相絮无力地垂下手:“为什么,因为我是妖,你是人吗?”
“这么多年了,你还没想明白吗?不是你的出生种族决定了你是谁,而是你自己的选择决定了你是谁。如果你愿意,你可以永远和我站在一边。”
“我当然愿意,我也一直是这样做的,从前我没害过人。”
六爷的声音变得严肃了一些:“后来呢?你出来之后呢?”
相絮跪在地上:“六叔,我错了,我愿意受罚,愿意赎罪。”
天色大变,闪电划过天际,在白日里也格外明亮。天雷落下劈在相絮身上,一道紧接一道,鞭笞着她犯的错,害的人命。
相絮念着经,没有施力抵抗,没有躲闪,毫无怨言。门内的六爷也陪着她一起念着经。
不知落下了多少道雷后,闪电停了下来,肆虐的暴雨落下,将她的罪恶洗刷一清。
六爷这才道:“好了,你开门吧,让我再见见你。”
自从被阵法封印之后,相絮与六爷气息隔绝,便又没了头发,出来后需要吸食人生命供给头发。如今又被关在法阵内,没了供给,她此时头上一片光秃秃。
门推开的瞬间,相絮头上又长出了如瀑黑发。
雨后暖阳的映照下,门内六爷的身形慢慢变淡散去,见风化尘。
“不要哭,从今往后,我与你同在。”
尘封的记忆在相絮脑内闪映。
人妖大战以妖大败为结局,相絮明明没有参战,却还是难逃人们的赶尽杀绝。
那一日相絮已经受了重伤,为避开人们对相絮挖地三尺地追杀,六爷亲手将相絮禁锢在阵法内。

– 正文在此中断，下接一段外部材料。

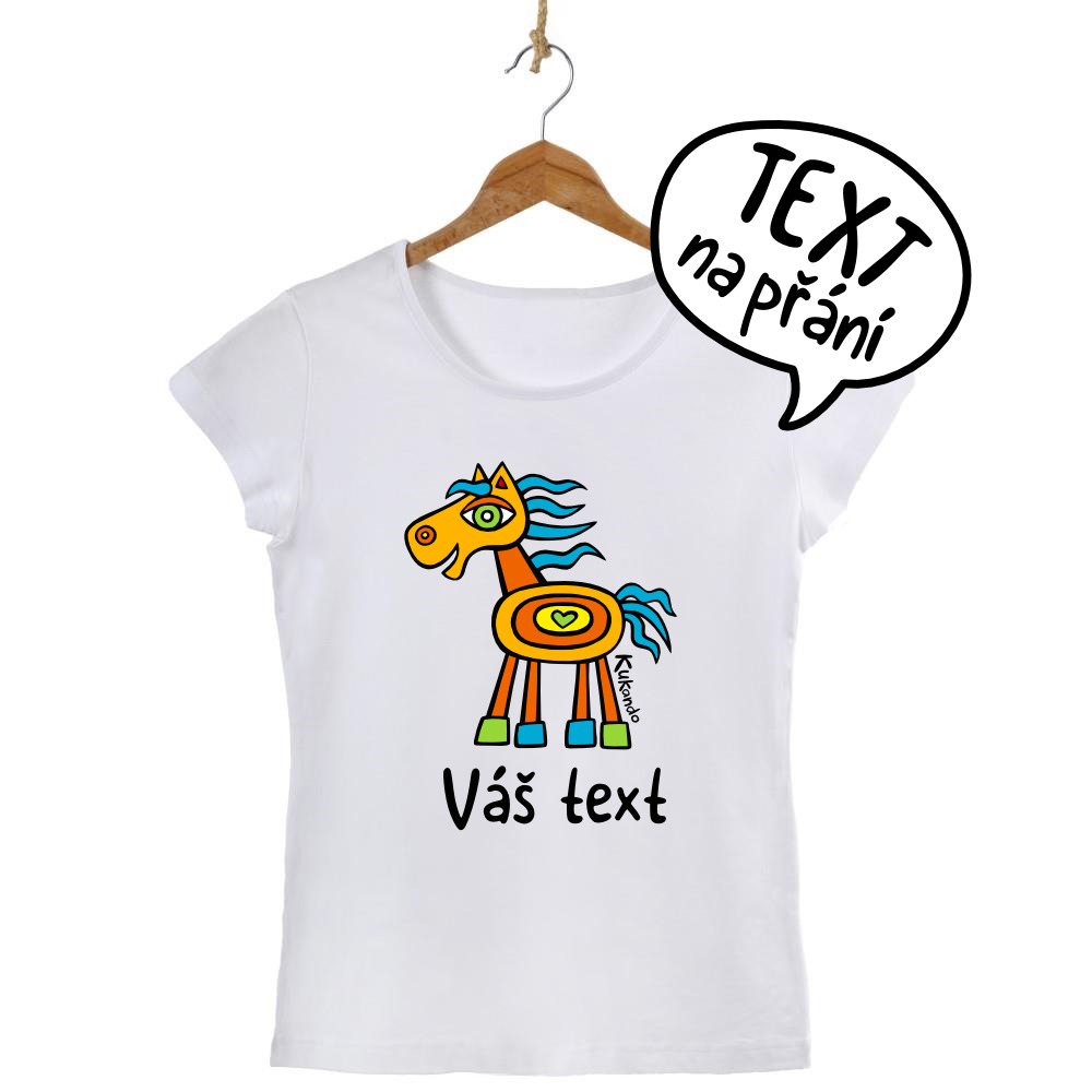 Veselé dámské tričko s vlastním nápisem a s motivem Kukando® koníka – autorského obrázku, který jinde nenajdete :-)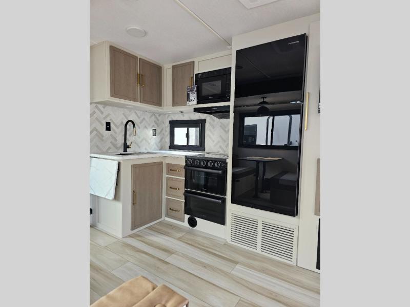 The Wildwood Heritage Glen Hyper-Lyte travel trailer by Forest River offers stability with a wide stance axle system, easy setup with a power tongue jack with an LED docking light, and safe entry with the Step Above aluminum entry steps. The interior includes Temple Cherry cabinetry with matte gold hardware, hidden hinges on the cabinet doors, and a residential single bowl undermount sink. You will also find a back-up camera prep and solar prep, an outdoor shower, Maxxis radial tires, and many more exterior conveniences.

情况紧急,没有救治的条件,没有时间思索出万全的办法,为救奄奄一息的相絮,他献祭自己的生命,将水官下属之位传承给了她,让她不死,让她永生,以此救她一命。
原来那一日六爷就已经死了,为救她而死,以命换命。
如他所言,他最擅长禁锢阵法了,如果他真想禁锢住她,她根本不可能被十爷放出来。如果他真想封印什么东西,她不可能正好能破开他的封印。
他费了那么大劲,加了那么多道封印其实是为了不让自己的残魂提前消散。而强行封印一缕残魂几百年,是为了警醒她训诫她,让她有朝一日能真正地成为水管下属,成为天赐府的一员。
他早就为他的小柳儿铺好了路。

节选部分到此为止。